Nel primo caso, l’uomo è abbandonato a sé stesso, ai suoi bisogni, alle sue concezioni, alla situazione sociale, allo Stato; e singolo e Stato troveranno sempre motivi per conferire carattere di giustizia a ciò che vogliono. Il che significa, intuitivamente, entro l’indifferenza delle volontà che cercano di autoaffermarsi, l’affermarsi del più potente, id est, la legge del più forte (che, per lo più, sarà lo Stato), entro un orizzonte drammatico di darwinismo sociale.

Se è vero il secondo caso, ai desideri e alle prove del singolo, così come alla forza della suggestione sociale o alla sopraffazione dello Stato, si erge un limite morale assoluto. E detto limite ha la forza per salvare sia l’uomo che lo Stato. Perché vi è una logica della vita: le azioni eticamente sbagliate, apparentemente utili, alla fine portano alla rovina, come la storia ha comprovato. Ogni violazione dei diritti fondamentali della persona – tali perché inerenti all’esistenza stessa della persona – specie quando si realizza sotto l’egida della legge, conduce allo Stato autoritario, finanche totalitario.

Al Leviatano che, prima o poi, dopo aver divorato a guisa di Moloch i propri figli, si disgrega tra immani tragedie.

E’, quinid, il “favor vitae” la prima pietra per un nuovo umanesimo, a partire dal suo volgersi verso i più piccoli e i più fragili: «Chi con la sua malattia – annota S. Giovanni Paolo II nell’Evangelium Vitaecon il suo handicap o molto più semplicemente con la sua stessa esistenza, mette in discussione il benessere o le abitudini di vita di quanti sono più avvantaggiati, tende ad essere visto come un nemico da cui difendersi o da eliminare; si scatena così una specie di congiura contro la vita».

E’ la questione del soggetto e della sua vita la nuova questione antropologica che, come insegna Benedetto XVI nella “Caritas in Veritate” (p.78), è la “radice della questione sociale”. E pure Francesco mette in guardia nei confronti dell’emergente “cultura dello scarto”! Che i Tribunali del Regno Unito, alla luce della morte della piccola Indi, se ne facciano carico!
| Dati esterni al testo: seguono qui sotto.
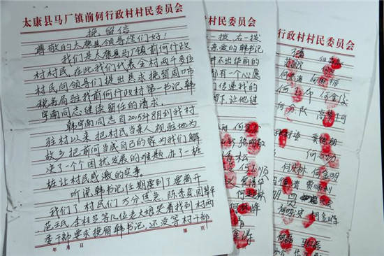 2018年,組織上考慮到韓宇南已經(jīng)在第一書記的崗位上工作了3年多,決定換他回原單位工作。前何村的群眾聽到這個消息后,多次前往馬廠鎮(zhèn)政府請?jiān)福罅粝马n宇南繼續(xù)擔(dān)任前河村支部書記,何心功等99位村民還向國家稅務(wù)總局周口市稅務(wù)局、太康縣委縣政府寫了一封“挽留信”,并按下了99個鮮紅的手印。

La sfida è la ragione, la laicità della ragione. Essa è al contempo capace, se non offuscata dall’ideologia, di andare in profondità, oltre il visibile dei sensi, e anche in ampiezza, oltre il limite del mio mondo, per estendere lo sguardo sui legami tra gli uomini e i rapporti sociali.

E il recupero della ragione riguarda anche il diritto e la legge e quindi conduce al cuore del bene comune, indicando la centralità culturale e politica del diritto alla vita.

Il nostro ordinamento giuridico è ispirato all’accennato “favor vitae”, sia in varie norme della Costituzione sia in leggi ordinarie. E così pure quello di vari Paesi nel mondo.  Si tratta di dargli pieno compimento, alla luce del criterio che la legge non è il comando del più forte, ma la forza prestata al debole. Non è superflua teoria, ma conferma del “fondamento” su cui tutto poggia, anche la prassi che voglia essere giusta.

 

 

 

 

Pino Morandini

ex magistrato e membro della Giunta del Movimento Per la Vita con incarico di Vicepresidente per il dialogo con la politica.